Detik itu juga, personel Bareskrim yang menyamar langsung melakukan penyergapan kilat. Sugiono hanya bisa pasrah saat petugas merobek kardus mi instan tersebut dan menemukan tumpukan ganja kering siap edar dengan berat bruto mencapai 5.295 gram (5,2 Kg).

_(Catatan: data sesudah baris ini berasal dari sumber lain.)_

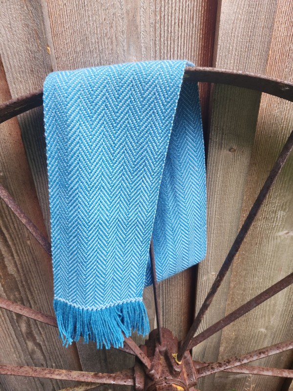 This super buttery soft scarf is handwoven by me, on a traditional floor loom in 50/50 wool/sik warp and weft. Zephyr ocean blue warp and baby blue weft, leaves lovely darker fringe on the ends. Woven in a herringbone twill pattern. Blanket stitch on the fringe makes a nice decorative edging. Slight variations in weave may be seen, due to being handwoven vs machine woven perfection.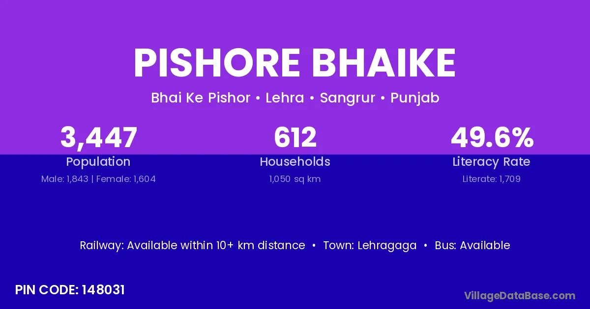 Pishore Bhaike village has a total population of 3,447 people, of which 1,843 are males and 1,604 are females.

"Pada saat paket diterima dan dikuasai oleh penerima, Tim Gabungan segera melakukan penindakan dan berhasil mengamankan seorang laki-laki bernama Sugiono beserta satu paket kardus warna cokelat yang setelah dilakukan pemeriksaan ditemukan berisi Narkotika Golongan I jenis ganja kering dengan berat bruto 5.295 gram," urai Brigjen Pol. Eko Hadi Santoso secara detail.


Penggeledahan Rumah: Bongkar Rumah Produksi dan Jejak 20 Kali Lolos

Dikte proaktif Polri tidak berhenti di ruko. Malam harinya, tim langsung mengeler tersangka Sugiono ke rumah kediamannya di wilayah Singosari untuk melakukan penggeledahan total. Di sana, insting tajam penyidik kembali membuahkan hasil. Polisi menemukan:

  • 5 paket ganja tambahan siap edar seberat bruto 577 gram.
  • 3 unit timbangan digital berakurasi tinggi.
  • Berbagai alat kemas yang diduga kuat digunakan untuk memecah paket narkoba ke pasaran mikro.

Saat diinterogasi secara intensif oleh penyidik Bareskrim, Sugiono bernyanyi bahwa dirinya merupakan bagian dari jaringan pengedar gelap yang dikendalikan oleh seorang aktor intelektual berinisial CA (kini dalam buruan intensif/DPO).

Lebih mengejutkannya lagi, Sugiono mengaku sudah menjadi kaki tangan sindikat ini sejak September 2025 hingga Juni 2026, dan telah sukses meloloskan 20 kali pengiriman berbagai jenis narkoba mulai dari sabu, ganja, ekstasi, hingga obat terlarang Happy Five (H5) lewat jalur ekspedisi umum.

"Pada pengiriman ke-20 tanggal 14 Juni 2026, sebanyak 5 (lima) kilogram ganja yang dikirim menuju Singosari, Kabupaten Malang berhasil diamankan oleh Tim Gabungan sebelum sempat diedarkan. Kami menegaskan komitmen Polri untuk mengejar CA selaku pengendara jaringan ini dan menyapu bersih narkoba hingga ke akar-akarnya," tutup Brigjen Pol. Eko Hadi Santoso dengan nada tegas dan optimis.

Berkat kecekatan, profesionalisme, dan komitmen tinggi jajaran Dittipidnarkoba Bareskrim Polri dalam operasi ini, ribuan anak bangsa di Jawa Timur berhasil diselamatkan dari belenggu kehancuran masa depan akibat narkoba.